Sometimes, I catch a glimpse of its outline or a hint of its face. The way the trees move in the wind, the way my cats interrupt their backyard explorations to rest under my hand, the aeronautic wonder of a sparrow flying from maple to forsythia, the appearance of my still sleepy son packing his duffel before heading to work.

Food on the table, breathable air, loving and being loved. Today may not be perfect, and I may forget some of its gifts. Still…

I thank thee, O Lord, for all good things thou hast sent to me during the past day. 

[nighttime prayer, A Manual of Eastern Orthodox Prayers, Crestwood, New York: St. Vladimir’s Seminary Press, 1991, p. 16. This is part of an ongoing series. For the full prayer, click Prayer At Night above.]

Help Us, O Lord

Help us, O Lord, to be good, obedient, and kind.

Good, obedient, and kind. Taken separately, they don’t have near the power as they do together.

Good    Help me spend my days wisely, offering my talents, knowledge, and energy only to those things that increase the love in this world. Everything I am can devastate or foster. Help me choose the latter.
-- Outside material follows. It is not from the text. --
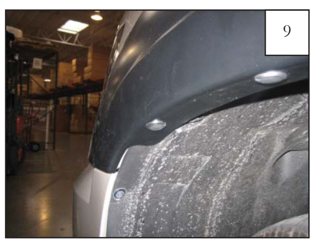
Install a supplied Retainer (RV1-P006) through forward hole in flare.
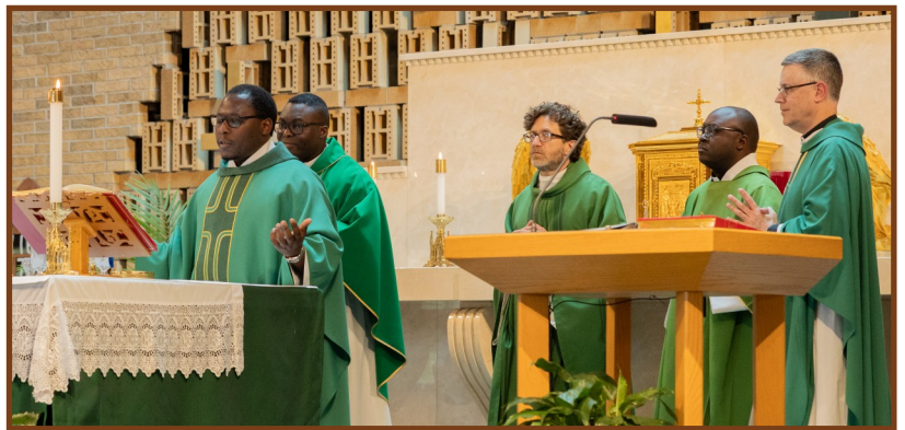
Celebration of Mass at St. Thérèse, Little Flower Parish, South Bend, Indiana, USA, September 6, 2025.

Fast-forward to 2025: as Family Rosary USA prepared for the Notre Dame Rosary Rally on September 7—commemorating the 75th anniversary of Father Peyton’s Rosary rally at his alma mater—God’s

Obedient      I am too limited to see very far down the path of love and peace. I am tempted to serve lesser powers: greed, vanity, and fear.  Help me choose to serve you, when your reasons seem clear and when they do not.
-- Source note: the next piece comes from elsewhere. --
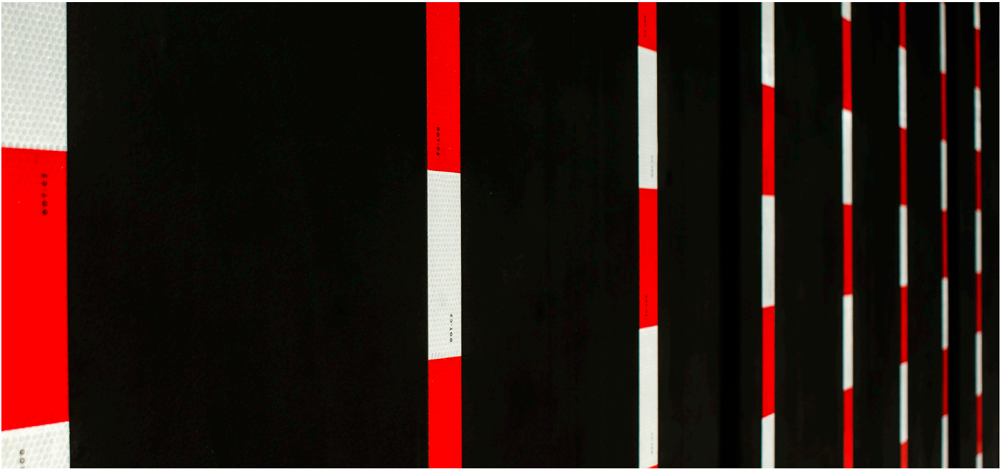
Groove Alley (detail), tape on wall, dimensions variable, 2016

Kind      All the good intentions will lead me astray if I am willing to harm others in their name. Help me choose kindness over judgement, for you have been so kind to me.

On this day, help me to remember that without kindness I can mistake personal piety for goodness and unwillingness to accept the consequences of my actions for obedience. God help me.

[For the full prayer, click prayer at night above]

The End…and the Beginning

Sleep well, see you in the morning.

The day is nearly done. Things left undone will have to wait – there isn’t time to turn them into things done. This is the time to say good-bye to this day, with all that it has been and all that it has not. There can never be another one exactly like it because the world continues to turn and I continue to move from birth to death.

Sleep well

I let go of the day, giving thanks for the gift it was. I give everyone I love back to God, in the hope and faith that they will be returned to me in the morning. If they are not, then in the hope and faith that their return to God is joyous. Then I close my eyes and give myself back, too.

see you in the morning…

Whatever has happened in the past, a new day rises. Its pattern may seem ordinary and predictable, but this is something altogether new. It may not be easy or painless, but the morning brings its own miracles. I can see it in the sky’s light, and I can see it in you.

For this, O Lord, I give you thanks. Amen.